Runtime.totalMemory()=1182793728
org.broadinstitute.hellbender.exceptions.GATKException: Error initializing feature reader for path NIST_NA12878_calls_in_PLDv2.vcf
at org.broadinstitute.hellbender.engine.FeatureDataSource.getTribbleFeatureReader(FeatureDataSource.java:436)
at org.broadinstitute.hellbender.engine.FeatureDataSource.getFeatureReader(FeatureDataSource.java:377)
at org.broadinstitute.hellbender.engine.FeatureDataSource.(FeatureDataSource.java:319)
at org.broadinstitute.hellbender.engine.FeatureDataSource.(FeatureDataSource.java:291)
at org.broadinstitute.hellbender.engine.VariantWalker.initializeDrivingVariants(VariantWalker.java:58)
at org.broadinstitute.hellbender.engine.VariantWalkerBase.initializeFeatures(VariantWalkerBase.java:67)
at org.broadinstitute.hellbender.engine.GATKTool.onStartup(GATKTool.java:726)
at org.broadinstitute.hellbender.engine.VariantWalker.onStartup(VariantWalker.java:45)
at org.broadinstitute.hellbender.cmdline.CommandLineProgram.runTool(CommandLineProgram.java:138)
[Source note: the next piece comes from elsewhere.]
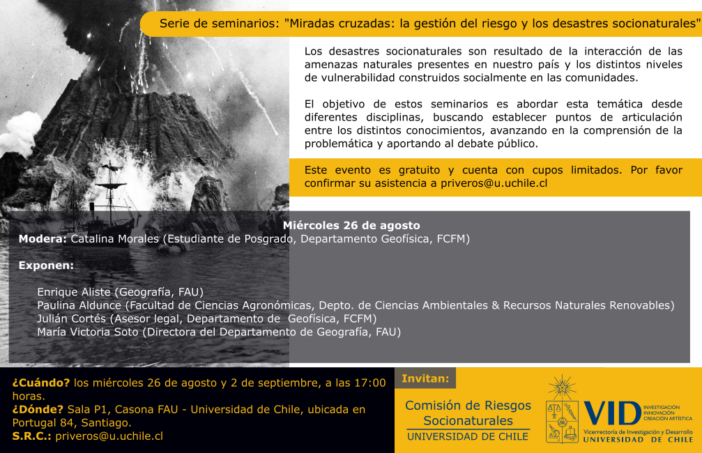 La Vicerrectoría de Investigación y Desarrollo de la Universidad de Chile y la Comisión de Riesgos Socionaturales de la casa de Bello, invitan al ciclo de seminarios «Miradas cruzadas: la gestión del riesgo y los desastres socionaturales», a desarrollarse los días 26 de agosto y 2 de septiembre en la Casona de la Facultad de Arquitectura y Urbanismo (Portugal #84, Santiago).

at org.broadinstitute.hellbender.cmdline.CommandLineProgram.instanceMainPostParseArgs(CommandLineProgram.java:192)
at org.broadinstitute.hellbender.cmdline.CommandLineProgram.instanceMain(CommandLineProgram.java:211)
at org.broadinstitute.hellbender.Main.runCommandLineProgram(Main.java:160)
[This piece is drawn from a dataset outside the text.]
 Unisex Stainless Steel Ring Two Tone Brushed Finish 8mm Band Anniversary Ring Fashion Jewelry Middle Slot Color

at org.broadinstitute.hellbender.Main.mainEntry(Main.java:203)
at org.broadinstitute.hellbender.Main.main(Main.java:289)
Caused by: htsjdk.tribble.TribbleException$MalformedFeatureFile: Unable to parse header with error: Flag is an unsupported type for this kind of field, for input source: NIST_NA12878_calls_in_PLDv2.vcf
at htsjdk.tribble.TribbleIndexedFeatureReader.readHeader(TribbleIndexedFeatureReader.java:263)
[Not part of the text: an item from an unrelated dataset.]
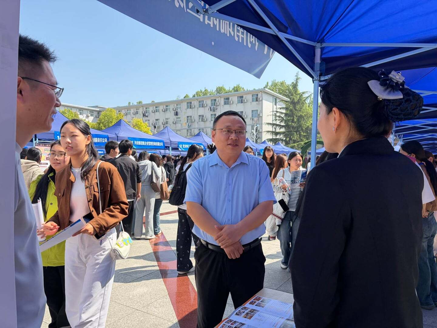 学院党总支书记张忠勇亲临现场巡视指导,与用人单位深入沟通行业趋势及招聘需求,关切询问毕业生求职情况,为学子加油鼓劲。学院工作人员与志愿者全程在岗,做好各项服务保障,确保双选会高效顺畅。

at htsjdk.tribble.TribbleIndexedFeatureReader.(TribbleIndexedFeatureReader.java:102)
at htsjdk.tribble.TribbleIndexedFeatureReader.(TribbleIndexedFeatureReader.java:127)
at htsjdk.tribble.AbstractFeatureReader.getFeatureReader(AbstractFeatureReader.java:121)
at org.broadinstitute.hellbender.engine.FeatureDataSource.getTribbleFeatureReader(FeatureDataSource.java:433)
... 13 more
Caused by: java.lang.IllegalArgumentException: Flag is an unsupported type for this kind of field
at htsjdk.variant.vcf.VCFCompoundHeaderLine.(VCFCompoundHeaderLine.java:243)
at htsjdk.variant.vcf.VCFFormatHeaderLine.(VCFFormatHeaderLine.java:50)
at htsjdk.variant.vcf.AbstractVCFCodec.parseHeaderFromLines(AbstractVCFCodec.java:198)
at htsjdk.variant.vcf.VCFCodec.readActualHeader(VCFCodec.java:111)
at htsjdk.tribble.AsciiFeatureCodec.readHeader(AsciiFeatureCodec.java:79)
at htsjdk.tribble.AsciiFeatureCodec.readHeader(AsciiFeatureCodec.java:37)
at htsjdk.tribble.TribbleIndexedFeatureReader.readHeader(TribbleIndexedFeatureReader.java:26

@namra1 You're right that the error message isn't as helpful as it could be, but the file you provided does indeed appear to have an invalid header line:

##FORMAT=<ID=DS,Number=0,Type=Flag,Description="Were any of the samples downsampled?">

Not sure how that got generated, but the VCF spec does prohibit Type=Flag for a ##FORMAT line. Flag is only applicable to ##INFO fields.

On second thought, reopening since we should fix the unhelpful error message to include some context.